HMIP Reports on Littlehey

HMP Littlehey was last inspected in August 2019. In their report the inspectors said:

Located near Huntingdon in Cambridgeshire, Littlehey is a category C training prison, holding up to 1,220 adult male prisoners. With a specialist function and holding men from across the country, the prison is one of a very small number that holds only those convicted of a sexual offence and as such the profile of prisoners held is unusual. Forty-four per cent of prisoners were serving lengthy sentences of between four and 10 years, with over a third serving more than 10 years. Around 150 prisoners were serving indeterminate sentences, including life. Among the population nearly half were over the age of 50 and of all those held, some 78% presented a high or very high risk of harm.

When we last inspected Littlehey in 2015, we found a prison that was both safe and respectful, but where outcomes in purposeful activity and rehabilitation and release planning were insufficiently good. At this inspection we were pleased to find that outcomes in safety and respect remained good, and had improved in purposeful activity, but disappointingly remained insufficient in the important test of rehabilitation.

Littlehey continued to be an overwhelmingly safe prison. New prisoners were received well into the prison and helped to settle. The prison was calm and prisoners reported to us that they felt safe. Very little violence was recorded and a culture that incentivised good behaviour helped greatly. There had been some increase in the use of force but oversight was satisfactory and the use of segregation had decreased since our last inspection. The segregation regime was also much better with re-integration actively supported. Security arrangements were proportionate and the use of illicit drugs remained low. Self-harm had increased in recent years but again remained low. There had tragically been one self-inflicted death since we last visited but care for those in crisis was generally very good.

In our survey of prisoners, the majority indicated that they felt respected by staff and the interactions we observed were relaxed although not always particularly proactive. They were improving, however, following the successful introduction of the keyworker scheme. The internal and external areas of the prison were clean and well-maintained, although some overcrowding and ongoing problems with heating systems were significant issues. Access to kit and other amenities was good, as was the quality of the food. General consultation arrangements were also good and while the promotion of equality had weaknesses, outcomes for prisoners across most protected characteristics were reasonably equitable. Prisoners were positive in their views about the quality of healthcare they received.
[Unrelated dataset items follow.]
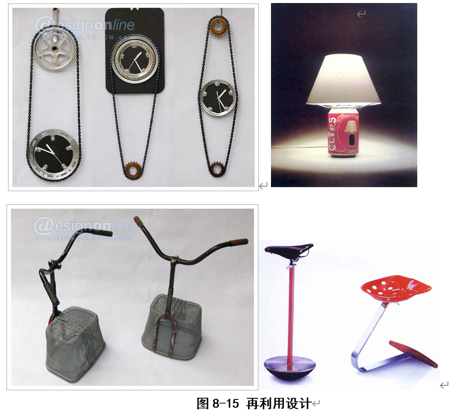 2.“Reuse”是“回收”的意思,即本来已脱离产品消费轨道的零部件返回到合适的结构中,继续让其发挥作用;也可以指由于更换影响整体性能的零部件而使整个产品返回到使用过程中。这一原则可称之为“再利用设计原则”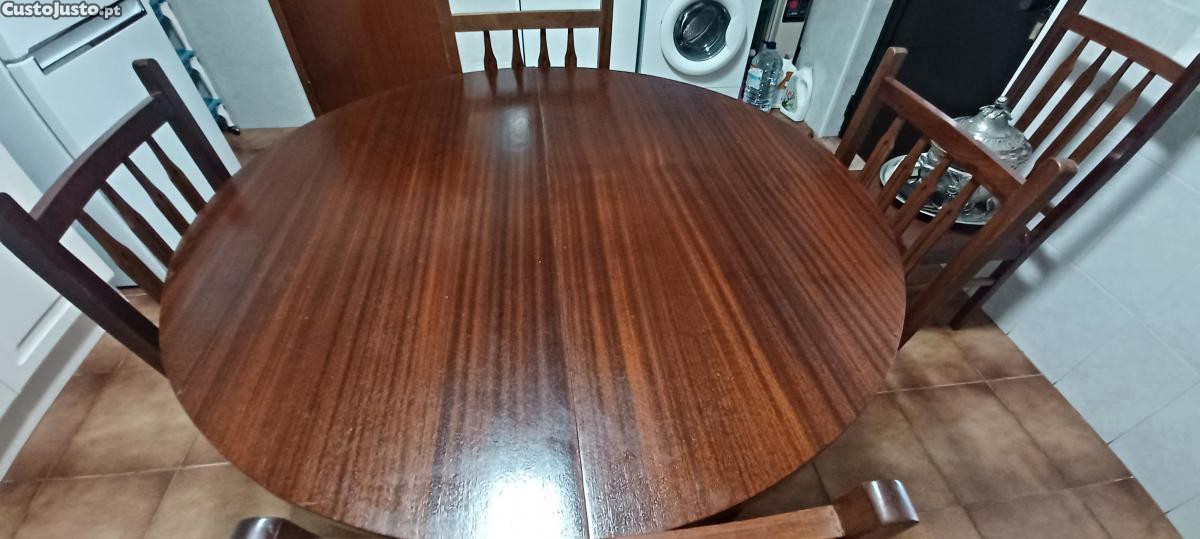 a mesa tem 1,10m quando está na forma redonda e 1,44 quando se abre e fica oval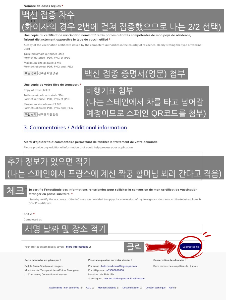 우리가 스페인에서 지내는 동안 해야 할 일 중 하나가 프랑스에 살고 계신 짝꿍의 외할머니를 뵈러 다녀오는 것이다. 그러기 위해서는 프랑스 보건 패스 QR 코드를 받아야 하는데 온라인에 보면 한국에서 프랑스로 바로 입국했을 때의 후기가 대부분이다. 나는 그와 다른 경우로 이미 한국에서 스페인으로 입국한 상태이고 차를 타고 스페인에서 프랑스로 이동할 예정인데다가 같은 EU라 해도 스페인 SpTH QR 코드로는 프랑스를 돌아다닐 수가 없다. 그래서 이리저리 알아보다가 그냥 부딪혀 보기로 하고 시도해 봤는데 하루 만에 QR 코드를 아무 문제 없이 받을 수 있었다. 역시 모르겠으면 무조건 뭐든 시도해 보는 게 좋은 것 같다. 무대뽀 정신(?) 승리!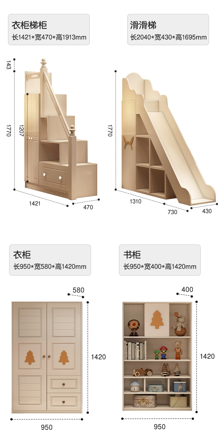 • 조합 24: 상단 침대 + 책장 + 옷장 + 슬라이드 + 사다리 캐비닛(매트리스 + 상단 커튼 포함)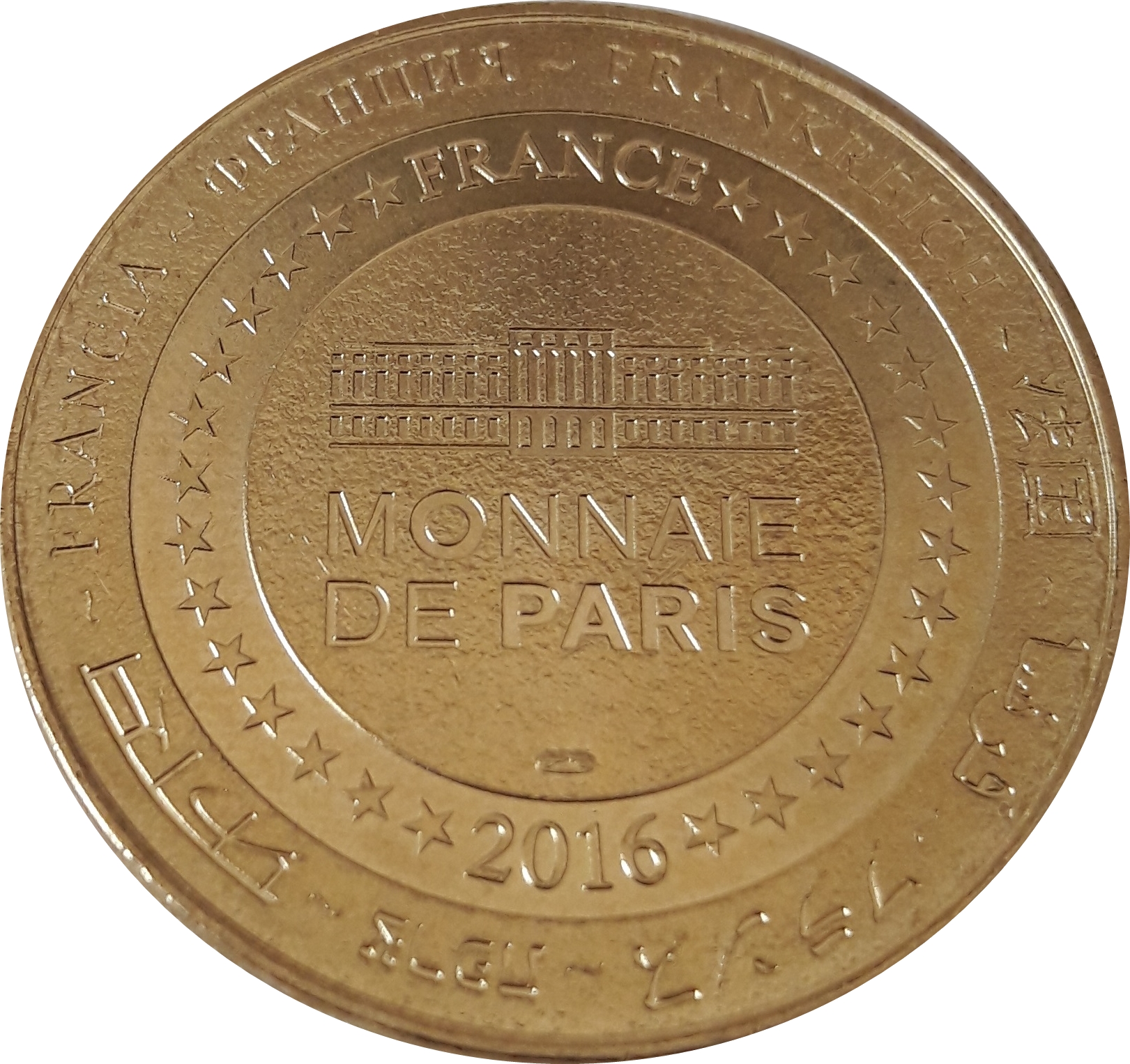 Описание: На периферії слово «Франція» написано вісьмома мовами. Франція на 12-й годині, 2015 рік на 6-й годині, все пов'язане 14 зірками праворуч і ліворуч. У центрі — будівля Моне-де-Парі.

Time out of cell for most prisoners in full-time activity was good, although we found a surprisingly high 17% locked in cell during the working day. There was sufficient activity for all, but allocation arrangements were inflexible and unresponsive. The quality and range of education, training and work was good and prisoners could gain qualifications up to level 3. Many made satisfactory progress and were clearly engaged and motivated. Our colleagues in Ofsted judged the overall effectiveness of education, skills and work to be good. Physical education was impressive.

The area where outcomes were weakest was in rehabilitation and release planning. The promotion of family ties needed improvement. About half of prisoners did not have an up-to-date offender assessment system (OASys) assessment, many having arrived without such an assessment. This was concerning given the high level of risk the population presented. Contact between offender supervisors and prisoners was inconsistent and often reactive, with very little one-to-one sentence planning work taking place. There were also quite limited opportunities for those prisoners who did not meet the threshold for participation in offending behaviour programmes. Those who were eligible could normally access programmes prior to release. Public protection arrangements were not sufficiently robust and the prison had only recently introduced resettlement initiatives capable of supporting sufficiently the approximately 30 men discharged each month.

Overall, and despite some criticisms, this report reflects some very good findings and some excellent outcomes for prisoners at Littlehey. The prison had a clearly defined function and held a substantial number of elevated risk men in safe and respectful conditions. Prisoners benefited from a very good daily regime and we saw examples of good practice. Going forward, the prison’s main priorities are to assess and reduce the risks of the prisoners it holds, and to prepare those being released for successful resettlement into the community.